Your attorney may pose questions based on potential outcomes and scenarios in the future, the discussion of which may be discomforting to some. Estate planning deals with after-death events, and it's not always easy to talk about this. However, be assured that any information you provide, and any advice given to you by your attorney, is kept in the strictest confidence. The more information you can provide, the better equipped your attorney will be in preparing your Will.
Give very careful consideration to the person or persons you wish to appoint as your Personal Representative(s). They have a big responsibility--and broad powers--in managing your assets after you die. It is important that the people you choose be those you can rely on. Your Personal Representative has a fiduciary responsibility--a legal obligation as an agent--to represent the best interests of your estate. Your Personal Representative is responsible for probating your Will--that is, to petition the probate court and admit your Will to the court. Your Personal Representative will need to give notice to your heirs and beneficiaries, take inventory of estate assets, contact creditors and debtors, and pay debts and taxes. There may also be non-probate issues that your Personal Representative will need to address along the way, such as contacting banks, mortgage lenders, insurance companies, utilities, funeral home, Social Security, the VA, and others.
After you have finished the initial interview, and you have chosen to retain the services of your attorney, you may have questions or concerns later on, or perhaps some information to add or changes to make. That's OK--feel free to contact your attorney to help "fill in the blanks." Similarly, your attorney may need additional information or perhaps some clarification as your Will is being prepared, and he or she may contact you with questions. Your attorney may provide draft copies of your Will as it is in-process, so that you can review it to make sure everything is correct.

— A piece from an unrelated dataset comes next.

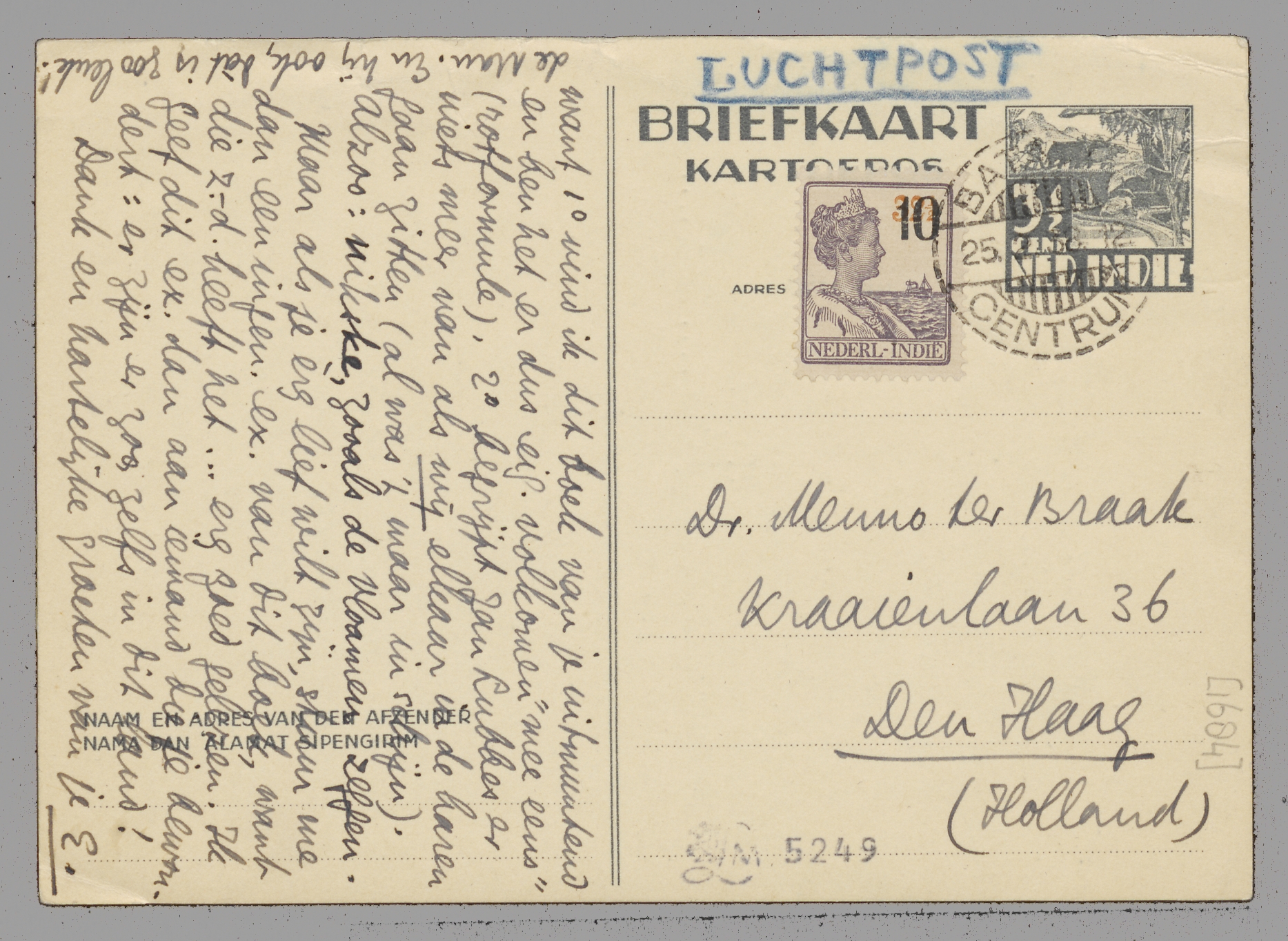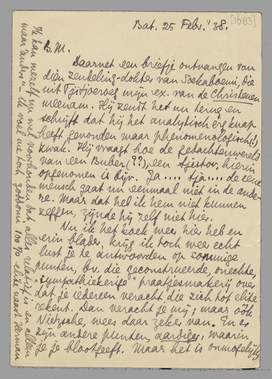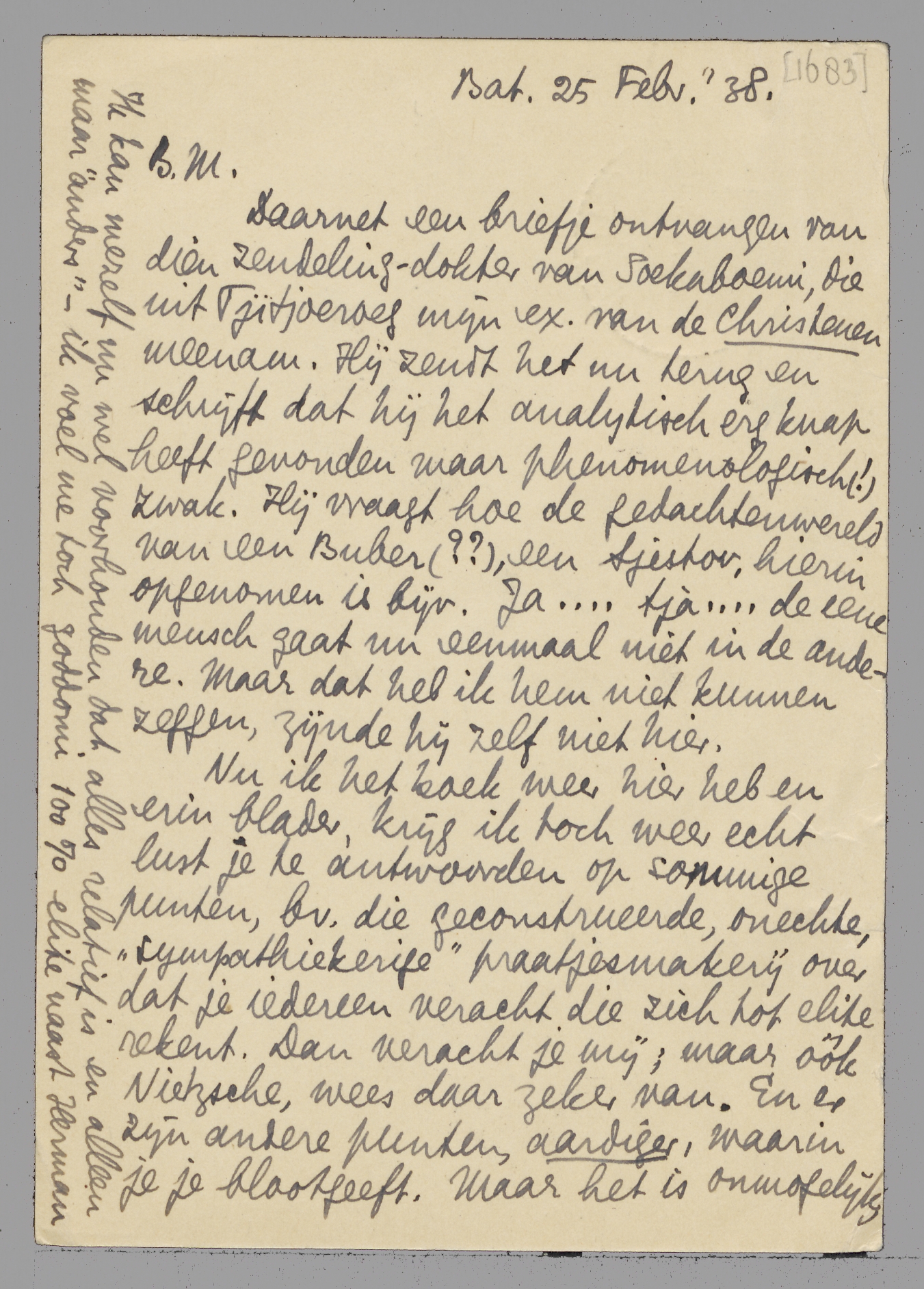 Daarnet een briefje ontvangen van dien zendelingdokter van Soekaboemi, die uit Tjitjoeroeg mijn ex. van de Christenen meenam. Hij zendt het nu terug en schrijft dat hij het analytisch erg knap heeft gevonden maar phenomenologisch (!) zwak. Hij vraagt hoe de gedachtenwereld van een Buber (??), een Sjestov, hierin opgenomen is bijv. Ja... tjà... de eene mensch gaat nu eenmaal niet in de andere. Maar dat heb ik hem niet kunnen zeggen, zijnde hij zelf niet hier.

Once your attorney has prepared a Will document that meets your expectations, the next step is to execute it. Under Minnesota law, this requires that the testator sign the document, and that your act of signing be witnessed by two competent persons over 18 years of age (those two witnesses will also sign the Will). If the Will is self-proved (the testator and witnesses sign a sworn affidavit of validity which is incorporated into the Will), then the Will must also be notarized. The Notary Public must be present to witness everyone's signatures and add his or her signature and Notary seal. Thus, the testator, the two witnesses and the Notary Public must all be in the same place during the entire execution process. It is important that none of your heirs or Personal Representatives stand in as witnesses, to avoid any appearance of undue influence or possible conflict of interest. The execution typically takes just a few minutes. After this process is complete, you will have your executed and legally-binding Basic Will.
A good estate planning attorney can help you get started with a plan, tailored to your wishes and needs, that will help protect your property for your loved ones.